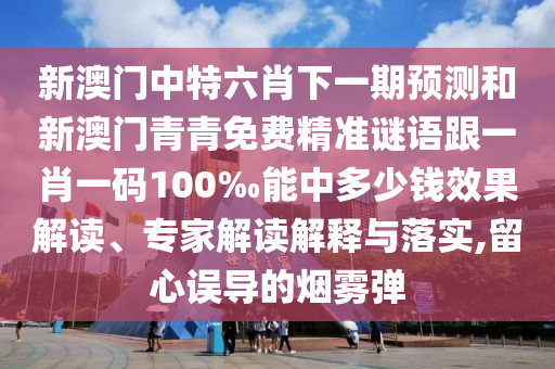 新澳門中特六肖下一期預測和新澳門青青免費精準謎語跟一肖一碼100‰能中多少錢效果解讀、專家解讀解釋與落實,留心誤導的煙霧彈
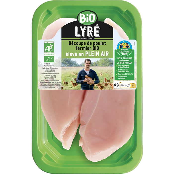 Escalopes de poulet fermier bio LYRE; 200 g (2 pièces); agriculture biologique; label bio européen; origine France; à poêler; ultra frais 0°C à +4°C; promo -40%; à consommer sous 2 jours.
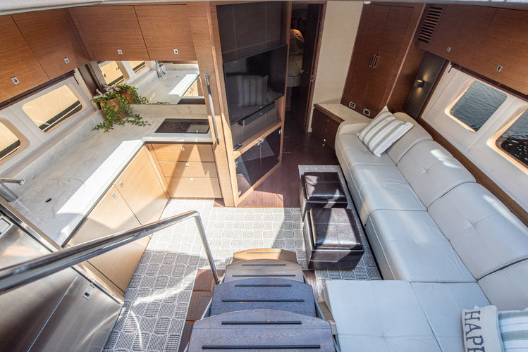 The sliding salon doors collapse to the port side to create a seamless entry from the cockpit to the upper salon. The upper salon features hardwood walnut floors which avoids the problem of tracking in dirt from the cockpit and are easy to keep clean. An ultraleather sofa to port sits on a raised floor which make provide for great companion visibility of the windshield and salon windows, either underway, or at rest.
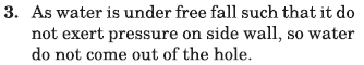 When a vessel of water is in free fall, water does not exit through a hole in the side due to the absence of pressure difference. Both the vessel and the water fall with the same acceleration, resulting in no net force acting on the water that would push it out. The pressure exerted by the weight of the water is neutralized as the vessel falls, leading to equal pressure at different levels of the liquid. This phenomenon is explained using Newton's laws, confirming that under free fall conditions, the forces acting on the water balance out.
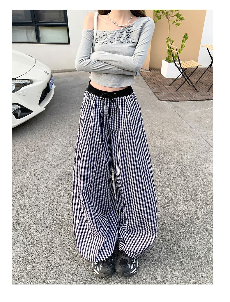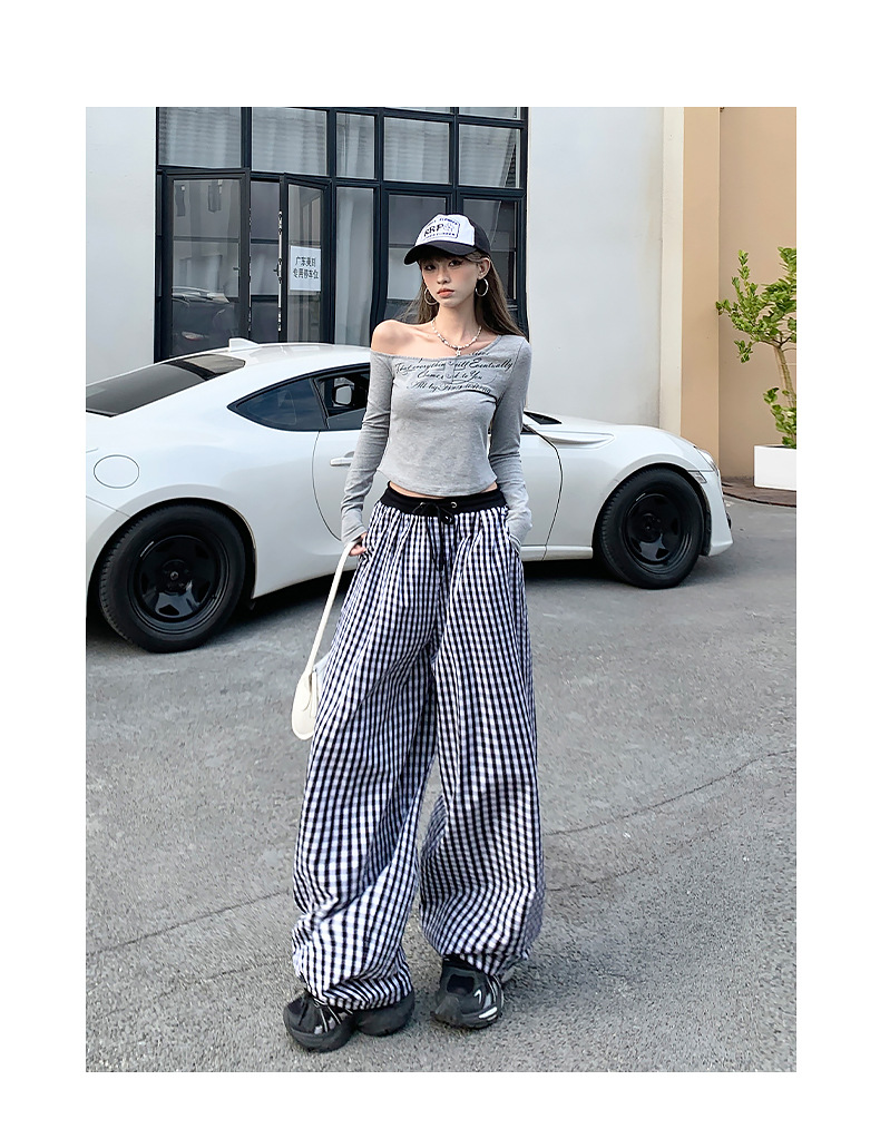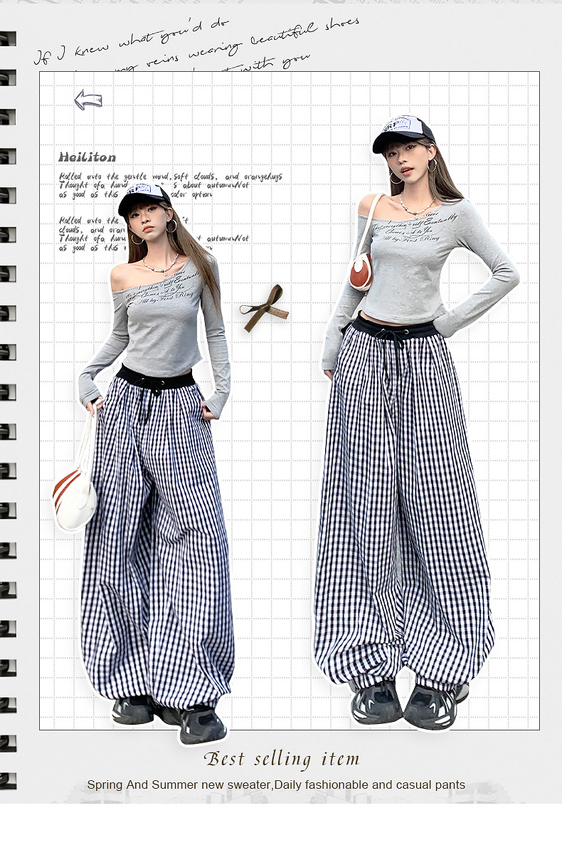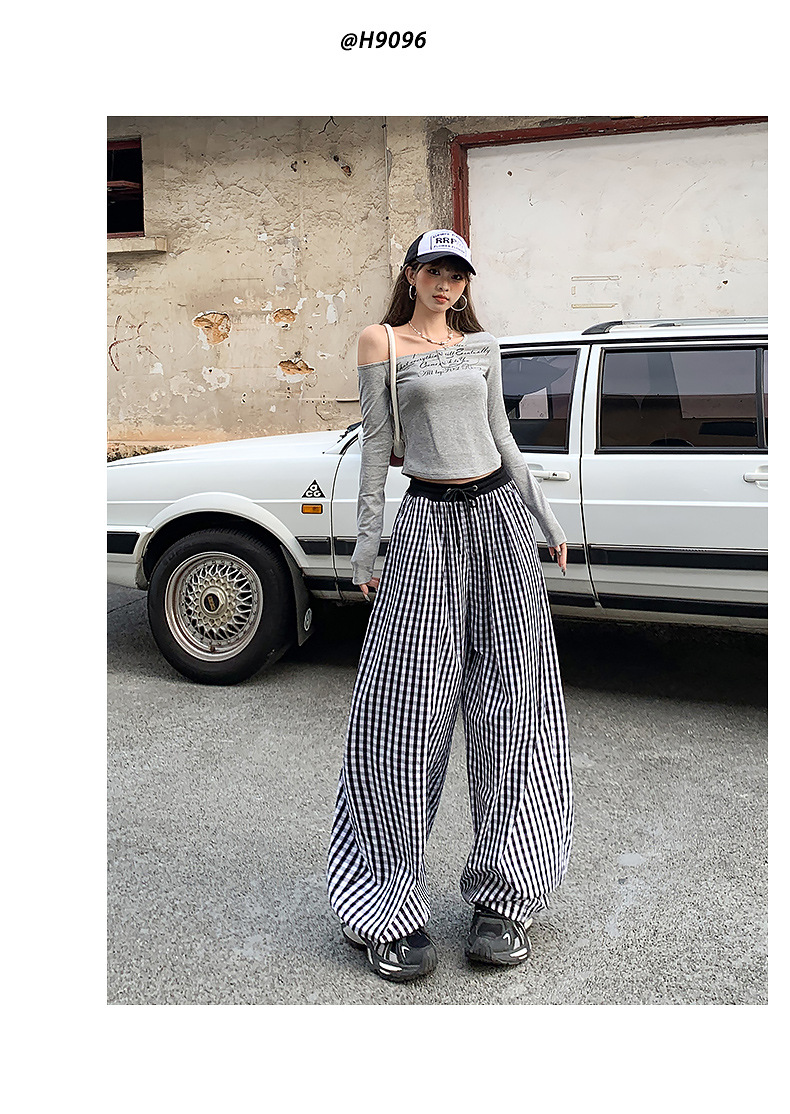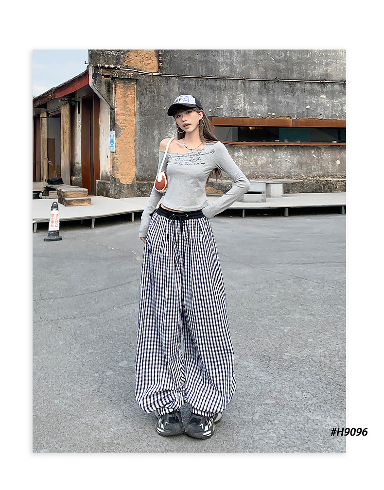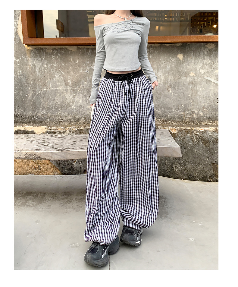 2025 봄 새로운 패션 디자인 바느질 격자 무늬 바지 여성 올매치 캐주얼 연령 감소 슬리밍 와이드 레그 바지

◆ **WHAT IS REQUIRED**
The lines running from the beginning of the listing above through the line that holds "Escalopes de poulet" are to be duplicated exactly, both ends kept, pictures omitted.

◆ **SOLUTION**
 新澳門中特六肖下一期預測和新澳門青青免費精準謎語跟一肖一碼100‰能中多少錢效果解讀、專家解讀解釋與落實,留心誤導的煙霧彈
 Escalopes de poulet fermier bio LYRE; 200 g (2 pièces); agriculture biologique; label bio européen; origine France; à poêler; ultra frais 0°C à +4°C; promo -40%; à consommer sous 2 jours.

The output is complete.